Juz 5 z rzedu nieprzespana noc. Ciagle siedzenie na misce klozetowej i wycie z bolu przy nadymywaniu sie. Po wczorajszym kamieniu zaczalem wysikiwac czerwony szlam. Ale poniewaz jest on tak gesty, ze bol nie mniejszy od tego z kamieniem. Opium = kodeina (TEC 3) o dupe za przeproszeniem obic. Biore po dwie, wzmacniajac trzecia po godzinie-dwoch. Nic nie pomaga. Musi to chyba byc kodeina beznarkotykowa. Nastepny syntentyczny wymysl prohibicjonistow i zwolennikow czystej rasy. Czyli ludzi ktorzy nie beda uzalezniac sie od niczego. A szczegolnie od NARKOTYKOW (wyk. aut.).
Obecny medyczny system, jest systemem zaglady.
01:14 Hrs. Bolace siusiu. Trudno zasnac.
01:49 Hrs. Schodzi szlam z siurka. Ale boli!
06:11 Hrs.
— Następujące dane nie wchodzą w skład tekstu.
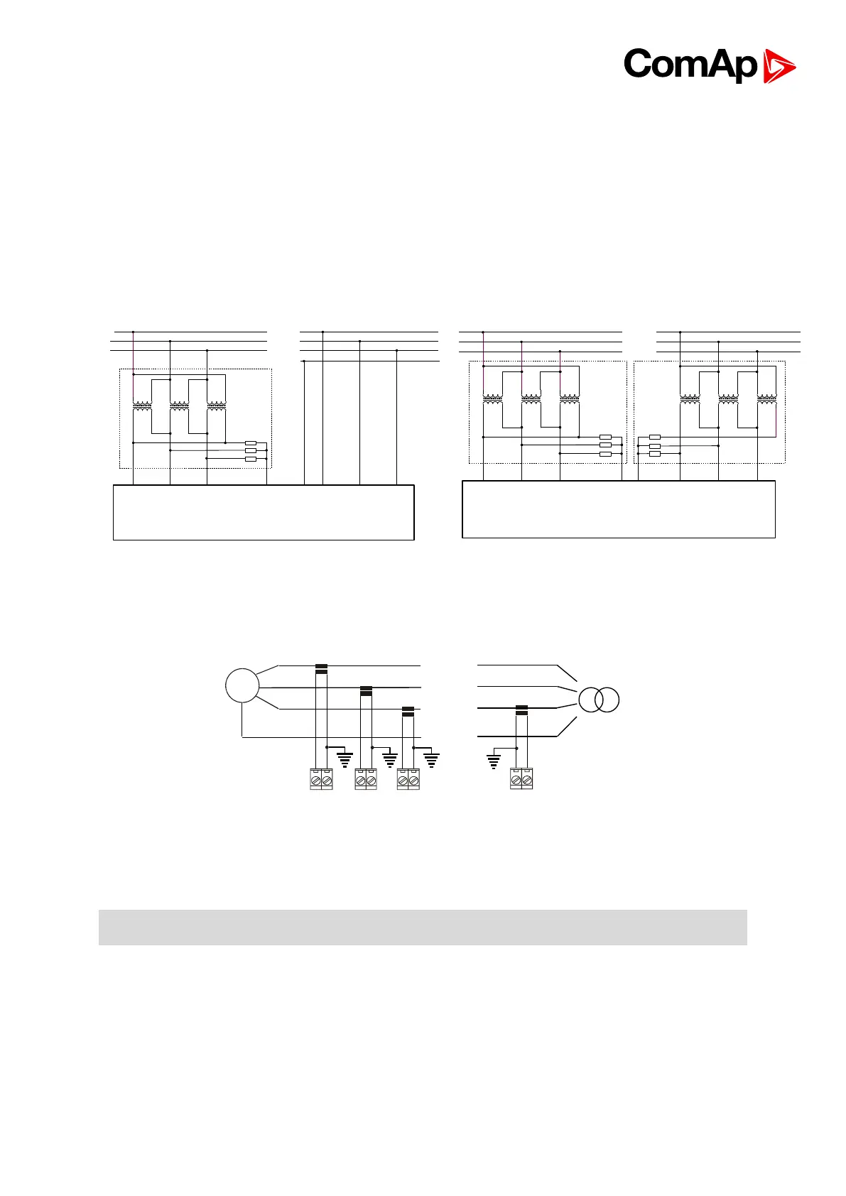 For optional separation of Mains/bus and generator voltage from the controller (e.g. on ships)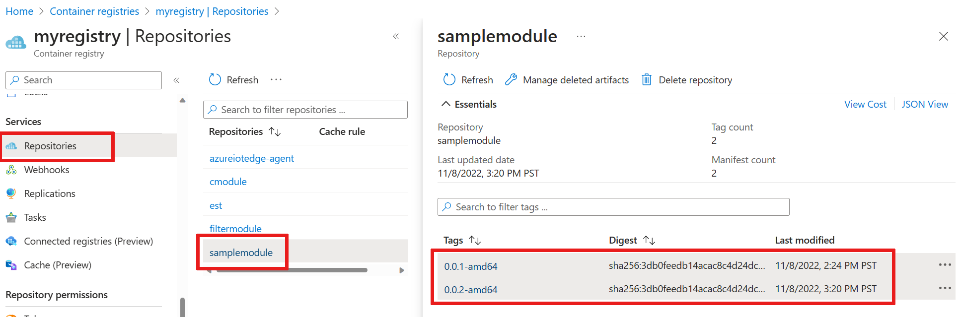 To further verify what the build and push command did, go to the Azure portal and navigate to your container registry. In your container registry, select Repositories then filtermodule. Verify that both versions of the image push to the registry.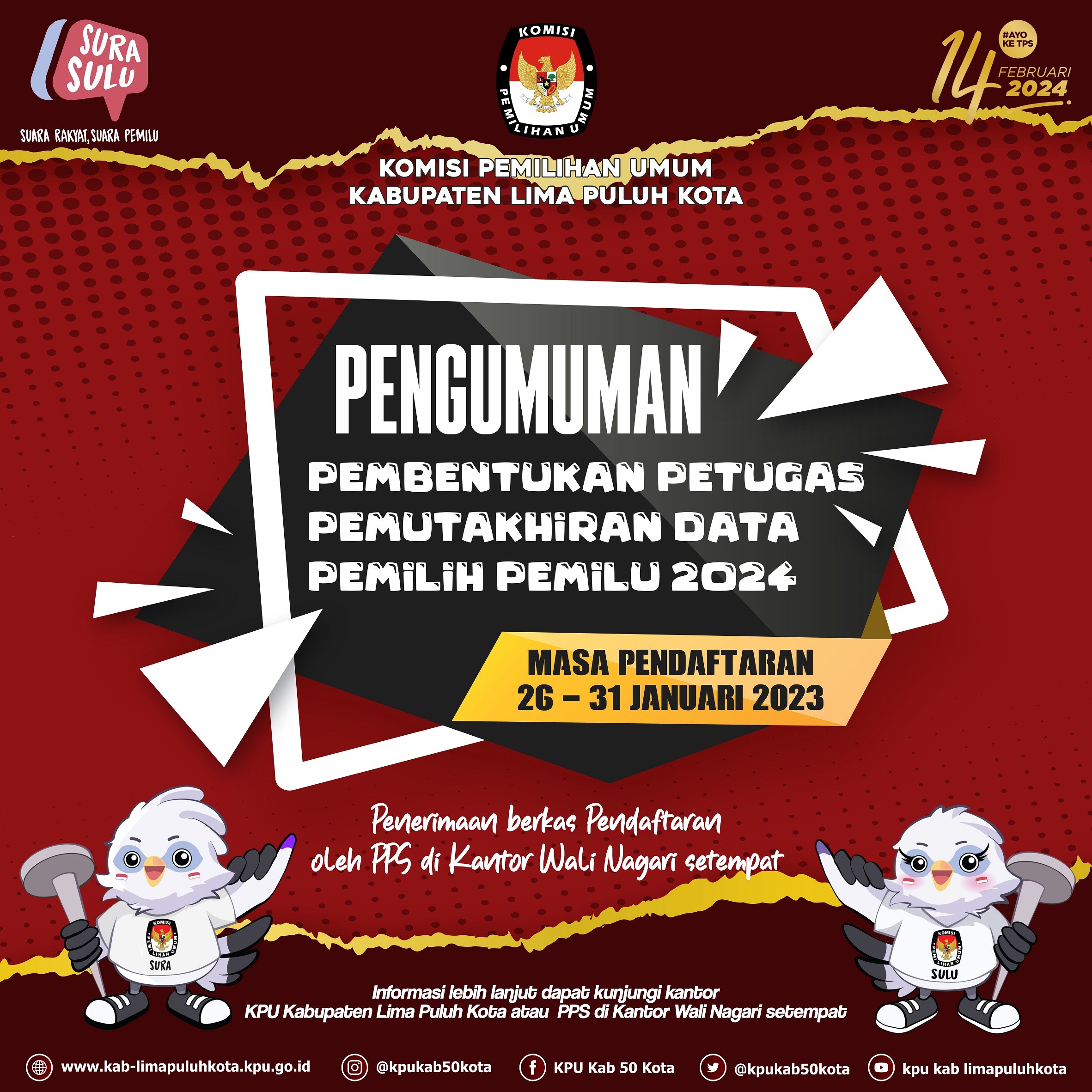 Teman Pemilih, KPU Kabupaten Lima Puluh Kota melalui Panitia Pemungutan Suara (PPS) membuka pendaftaran calon Petugas Pemutakhiran Data Pemilih (PANTARLIH) Untuk Pemilu Tahun 2024, pengumumannya dan pengantaran berkas pendaftaran dapat diserahkan kepada PPS di Nagari setempat.

Siedze juz ponad 2 godziny na muszli. Nic nie wychodzi, a takie uczucie jakby bylo tuz tuz na koncu penisa. Okropny bol. Pcham.
06:59 Hrs. Bol kolosalny. Ciagle wypycham z penisa czerwona maz, ktora blokuje przewod moczowy. Boze kiedy ten bol sie skonczy?
11:43 Hrs. Potezny grzmot za oknem. Sciemnilo sie.